• Work instruction: Below are some records; output exactly the lines from the line with "Elevate your event" to the line with "console.log('end')", both ends kept, and nothing more.

• Source material:

******************************

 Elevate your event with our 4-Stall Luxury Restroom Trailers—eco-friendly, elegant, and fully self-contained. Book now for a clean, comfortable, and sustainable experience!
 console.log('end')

******************************

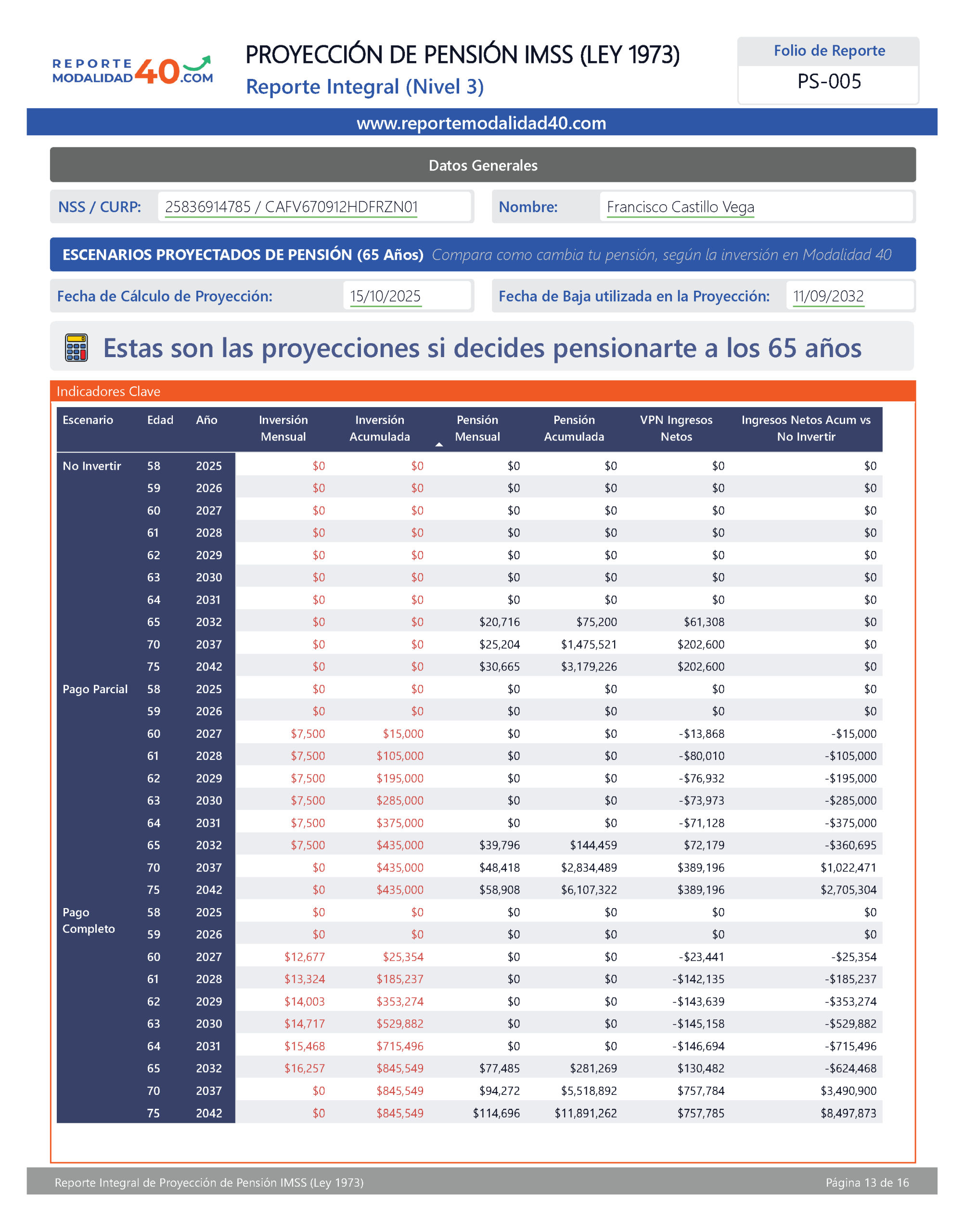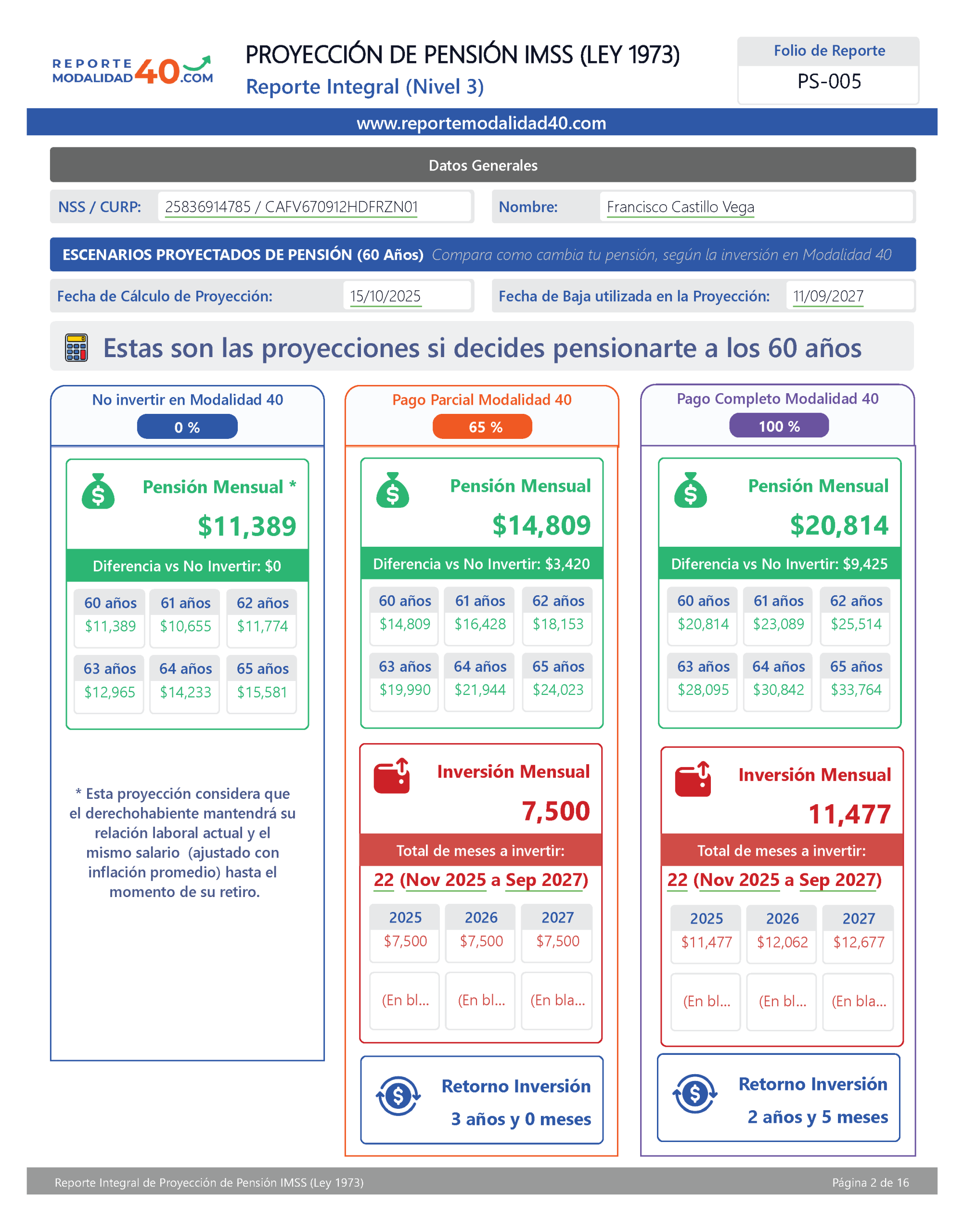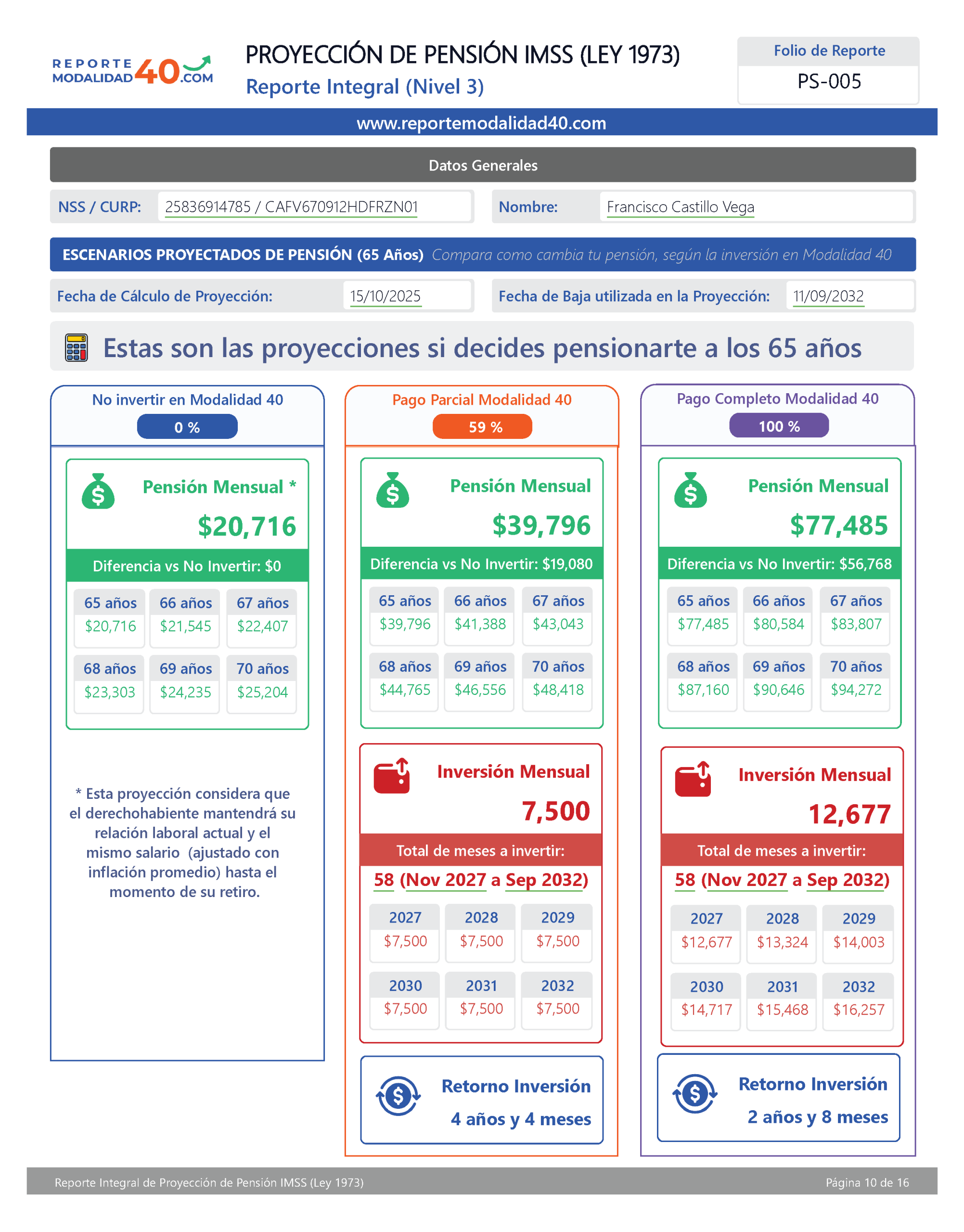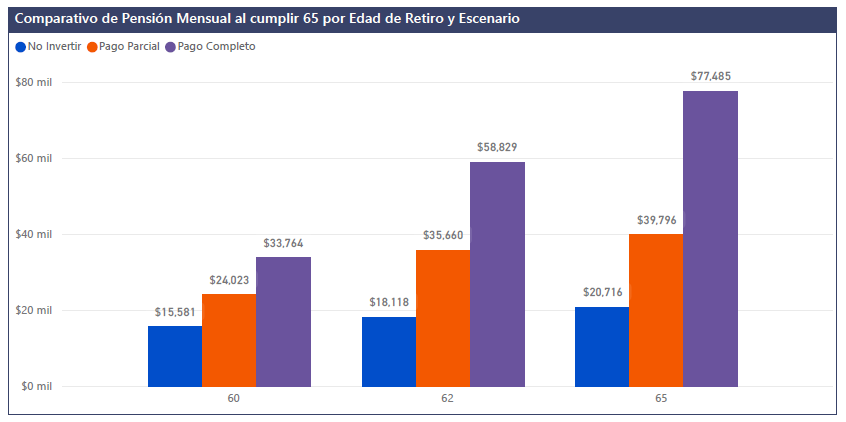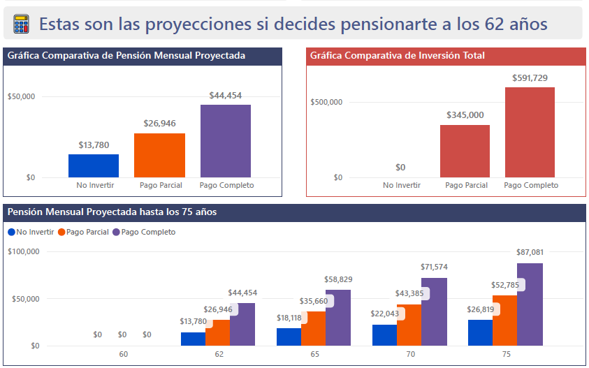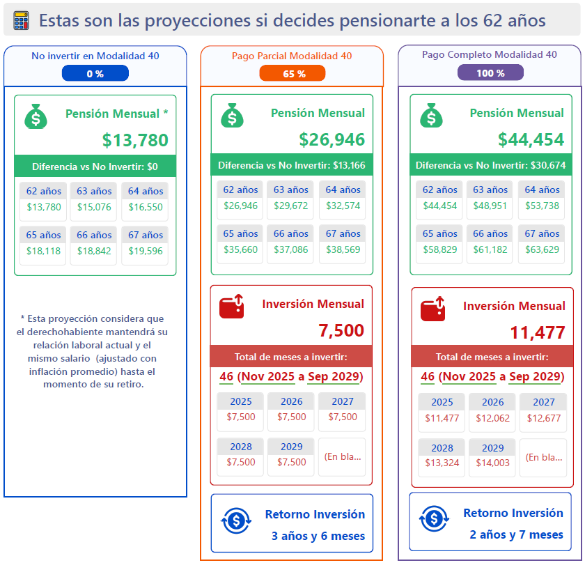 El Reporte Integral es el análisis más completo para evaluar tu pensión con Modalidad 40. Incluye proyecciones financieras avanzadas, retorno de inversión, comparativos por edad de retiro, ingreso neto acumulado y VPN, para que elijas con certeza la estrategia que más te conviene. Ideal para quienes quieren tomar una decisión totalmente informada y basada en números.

******************************

• Answer box:
 Elevate your event with our 4-Stall Luxury Restroom Trailers—eco-friendly, elegant, and fully self-contained. Book now for a clean, comfortable, and sustainable experience!
 console.log('end')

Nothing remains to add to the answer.